● WHAT YOU ARE ASKED TO DO
Give the entries again in full. Nothing may be altered.

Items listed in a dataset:
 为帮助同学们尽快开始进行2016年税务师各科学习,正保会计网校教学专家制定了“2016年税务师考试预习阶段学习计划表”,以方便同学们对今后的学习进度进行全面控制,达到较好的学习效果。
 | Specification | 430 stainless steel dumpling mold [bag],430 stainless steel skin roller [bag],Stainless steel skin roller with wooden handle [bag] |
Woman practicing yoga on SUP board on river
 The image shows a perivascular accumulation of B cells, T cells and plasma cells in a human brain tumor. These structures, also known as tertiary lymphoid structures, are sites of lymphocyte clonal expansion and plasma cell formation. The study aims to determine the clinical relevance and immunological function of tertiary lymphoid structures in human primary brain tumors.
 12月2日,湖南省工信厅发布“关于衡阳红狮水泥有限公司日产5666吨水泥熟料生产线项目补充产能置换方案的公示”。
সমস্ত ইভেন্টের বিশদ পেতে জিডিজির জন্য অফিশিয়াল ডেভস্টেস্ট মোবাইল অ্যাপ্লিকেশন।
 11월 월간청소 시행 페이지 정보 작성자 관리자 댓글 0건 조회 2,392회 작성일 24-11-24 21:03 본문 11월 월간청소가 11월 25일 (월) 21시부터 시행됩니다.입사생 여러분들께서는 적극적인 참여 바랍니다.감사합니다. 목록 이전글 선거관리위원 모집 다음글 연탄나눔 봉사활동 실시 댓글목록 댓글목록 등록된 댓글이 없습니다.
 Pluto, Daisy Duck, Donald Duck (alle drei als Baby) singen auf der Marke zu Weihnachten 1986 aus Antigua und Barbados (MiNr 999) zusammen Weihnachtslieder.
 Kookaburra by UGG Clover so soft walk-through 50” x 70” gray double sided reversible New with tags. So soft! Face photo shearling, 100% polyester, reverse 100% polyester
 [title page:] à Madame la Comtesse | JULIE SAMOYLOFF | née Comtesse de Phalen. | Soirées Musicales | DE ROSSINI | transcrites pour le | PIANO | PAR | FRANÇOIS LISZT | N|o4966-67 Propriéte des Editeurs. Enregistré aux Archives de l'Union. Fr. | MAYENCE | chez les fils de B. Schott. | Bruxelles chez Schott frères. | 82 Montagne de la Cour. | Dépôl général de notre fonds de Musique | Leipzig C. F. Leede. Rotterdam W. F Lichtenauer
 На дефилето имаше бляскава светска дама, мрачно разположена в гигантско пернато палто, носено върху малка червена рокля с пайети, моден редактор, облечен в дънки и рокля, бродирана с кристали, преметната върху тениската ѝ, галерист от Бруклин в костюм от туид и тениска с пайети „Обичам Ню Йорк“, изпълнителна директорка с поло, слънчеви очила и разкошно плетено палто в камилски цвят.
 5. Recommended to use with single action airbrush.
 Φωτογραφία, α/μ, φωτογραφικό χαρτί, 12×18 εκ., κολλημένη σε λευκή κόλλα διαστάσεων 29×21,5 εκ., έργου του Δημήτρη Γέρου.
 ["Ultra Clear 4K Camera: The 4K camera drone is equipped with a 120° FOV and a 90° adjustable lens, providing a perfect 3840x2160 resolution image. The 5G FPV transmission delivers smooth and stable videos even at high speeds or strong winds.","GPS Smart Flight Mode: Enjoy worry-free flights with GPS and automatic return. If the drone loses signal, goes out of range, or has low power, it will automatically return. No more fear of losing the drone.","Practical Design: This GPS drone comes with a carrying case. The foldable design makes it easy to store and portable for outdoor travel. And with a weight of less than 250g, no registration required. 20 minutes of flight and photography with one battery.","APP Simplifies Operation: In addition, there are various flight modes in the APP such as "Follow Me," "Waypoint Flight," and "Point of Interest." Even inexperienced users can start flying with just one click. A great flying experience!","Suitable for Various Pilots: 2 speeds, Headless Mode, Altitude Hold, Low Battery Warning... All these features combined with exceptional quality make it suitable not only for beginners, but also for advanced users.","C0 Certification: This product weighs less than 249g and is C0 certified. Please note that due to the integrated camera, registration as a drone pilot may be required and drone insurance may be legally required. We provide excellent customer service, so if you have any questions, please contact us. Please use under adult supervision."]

● RESPONSE TO THIS TASK
 为帮助同学们尽快开始进行2016年税务师各科学习,正保会计网校教学专家制定了“2016年税务师考试预习阶段学习计划表”,以方便同学们对今后的学习进度进行全面控制,达到较好的学习效果。
 | Specification | 430 stainless steel dumpling mold [bag],430 stainless steel skin roller [bag],Stainless steel skin roller with wooden handle [bag] |
Woman practicing yoga on SUP board on river
 The image shows a perivascular accumulation of B cells, T cells and plasma cells in a human brain tumor. These structures, also known as tertiary lymphoid structures, are sites of lymphocyte clonal expansion and plasma cell formation. The study aims to determine the clinical relevance and immunological function of tertiary lymphoid structures in human primary brain tumors.
 12月2日,湖南省工信厅发布“关于衡阳红狮水泥有限公司日产5666吨水泥熟料生产线项目补充产能置换方案的公示”。
সমস্ত ইভেন্টের বিশদ পেতে জিডিজির জন্য অফিশিয়াল ডেভস্টেস্ট মোবাইল অ্যাপ্লিকেশন।
 11월 월간청소 시행 페이지 정보 작성자 관리자 댓글 0건 조회 2,392회 작성일 24-11-24 21:03 본문 11월 월간청소가 11월 25일 (월) 21시부터 시행됩니다.입사생 여러분들께서는 적극적인 참여 바랍니다.감사합니다. 목록 이전글 선거관리위원 모집 다음글 연탄나눔 봉사활동 실시 댓글목록 댓글목록 등록된 댓글이 없습니다.
 Pluto, Daisy Duck, Donald Duck (alle drei als Baby) singen auf der Marke zu Weihnachten 1986 aus Antigua und Barbados (MiNr 999) zusammen Weihnachtslieder.
 Kookaburra by UGG Clover so soft walk-through 50” x 70” gray double sided reversible New with tags. So soft! Face photo shearling, 100% polyester, reverse 100% polyester
 [title page:] à Madame la Comtesse | JULIE SAMOYLOFF | née Comtesse de Phalen. | Soirées Musicales | DE ROSSINI | transcrites pour le | PIANO | PAR | FRANÇOIS LISZT | N|o4966-67 Propriéte des Editeurs. Enregistré aux Archives de l'Union. Fr. | MAYENCE | chez les fils de B. Schott. | Bruxelles chez Schott frères. | 82 Montagne de la Cour. | Dépôl général de notre fonds de Musique | Leipzig C. F. Leede. Rotterdam W. F Lichtenauer
 На дефилето имаше бляскава светска дама, мрачно разположена в гигантско пернато палто, носено върху малка червена рокля с пайети, моден редактор, облечен в дънки и рокля, бродирана с кристали, преметната върху тениската ѝ, галерист от Бруклин в костюм от туид и тениска с пайети „Обичам Ню Йорк“, изпълнителна директорка с поло, слънчеви очила и разкошно плетено палто в камилски цвят.
 5. Recommended to use with single action airbrush.
 Φωτογραφία, α/μ, φωτογραφικό χαρτί, 12×18 εκ., κολλημένη σε λευκή κόλλα διαστάσεων 29×21,5 εκ., έργου του Δημήτρη Γέρου.
 ["Ultra Clear 4K Camera: The 4K camera drone is equipped with a 120° FOV and a 90° adjustable lens, providing a perfect 3840x2160 resolution image. The 5G FPV transmission delivers smooth and stable videos even at high speeds or strong winds.","GPS Smart Flight Mode: Enjoy worry-free flights with GPS and automatic return. If the drone loses signal, goes out of range, or has low power, it will automatically return. No more fear of losing the drone.","Practical Design: This GPS drone comes with a carrying case. The foldable design makes it easy to store and portable for outdoor travel. And with a weight of less than 250g, no registration required. 20 minutes of flight and photography with one battery.","APP Simplifies Operation: In addition, there are various flight modes in the APP such as "Follow Me," "Waypoint Flight," and "Point of Interest." Even inexperienced users can start flying with just one click. A great flying experience!","Suitable for Various Pilots: 2 speeds, Headless Mode, Altitude Hold, Low Battery Warning... All these features combined with exceptional quality make it suitable not only for beginners, but also for advanced users.","C0 Certification: This product weighs less than 249g and is C0 certified. Please note that due to the integrated camera, registration as a drone pilot may be required and drone insurance may be legally required. We provide excellent customer service, so if you have any questions, please contact us. Please use under adult supervision."]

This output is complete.